I'm doing audio processing so of course there are lots of loops with floating point operations. I am attempting to use a combination of the Intel compiler and IPP to improve performance. I've managed to squeeze some performance out of the Intel compiler (as opposed to VC9) by following this document:
Is there a similar document regarding memory alignment WITH EXAMPLES?
1) I'm using ippsMalloc_ to initialize my buffers, and ippsIIRInitAlloc_ to initialize the filters which operate on those buffers, but I'm actually seeing worse performance in many cases than the equivalent inline C++. Obviously I'm doing something horribly wrong or there is just more for me to do in terms of alignment, but where do I begin? Do I go after the structures or classes which contain these buffers? their pointers?
2) Is my best possible result going to be some combination of Intel compiler directives and ipp calls?
3) Unfortunately I'm working with a large codebase... Is there some feature of the compiler, or vTune for example, that will help me identify prime candidates for alignment?
4) Out of curiosity, what exactly are the internal calls prefixed with "owns"... for example if I call ippsIIR_, I see that call plus w7_ownsippsIIR_ sucking up cycles... is that just the dispatcher at work? or is it indicative of something I may be doing wrong in terms of linking, etc.
Sorry for the basic questions, it's just that there is a vast amount of (seemingly unorganized) documentation, and I'm having trouble finding the docs that specifically address the issues I'm trying to resolve.

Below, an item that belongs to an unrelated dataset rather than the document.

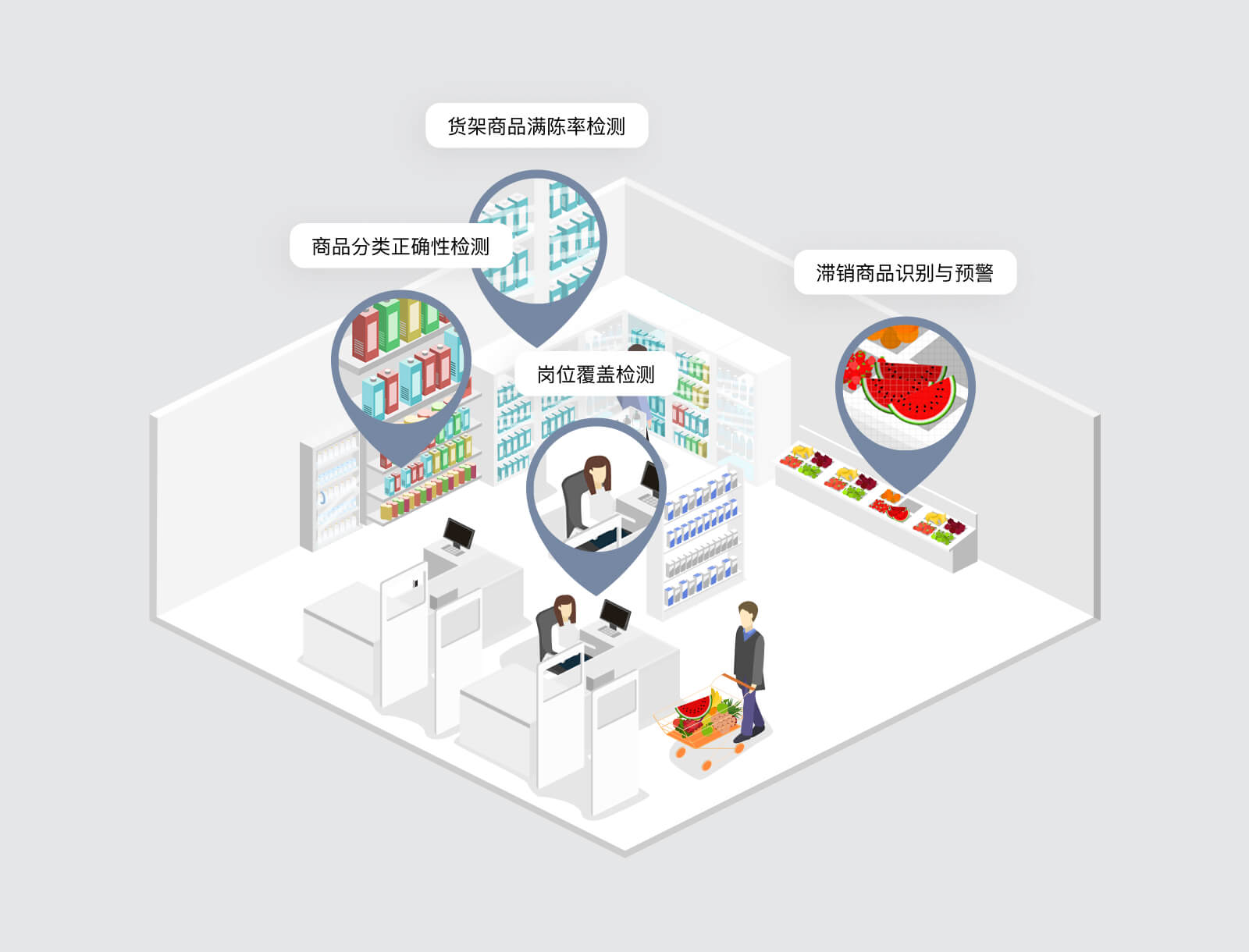 品类多陈列复杂,需整齐陈列、促销到位提升坪效;人流密集,全面监控卫生保持整洁形象;库存量大分布广,精准识别滞销隐患;员工多,关注岗位覆盖和服务效率。
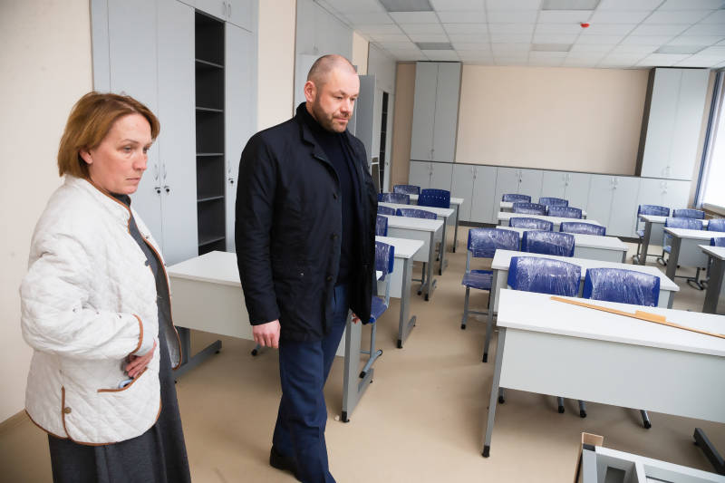 Заместитель главы Архангельска - руководитель аппарата Денис Лапин провёл выездное совещание в школе № 22, где завершается капитальный ремонт. Внутренние работы проведены, в классах уже расставляют мебель.

IPP memory allocation functions always return 16-byte aligned memory block.
It would be nice if you can attach simple test case where you face performance issue (point to consideration is amount of processed data, for example if you call IPP function to process single element, most probably you will not see performance improvement vs just C code).
Functions with "strange" prefixes are internal IPP functions. The most of the time expected to be spent in IPP internal functions. Dispatcher work only at initialization stage, after that call of each particular IPP function have no run-time overhead from dispatching (except one additional jump instruction to particular optimized code branch).
There are a lot of samples provided in IPP sample package.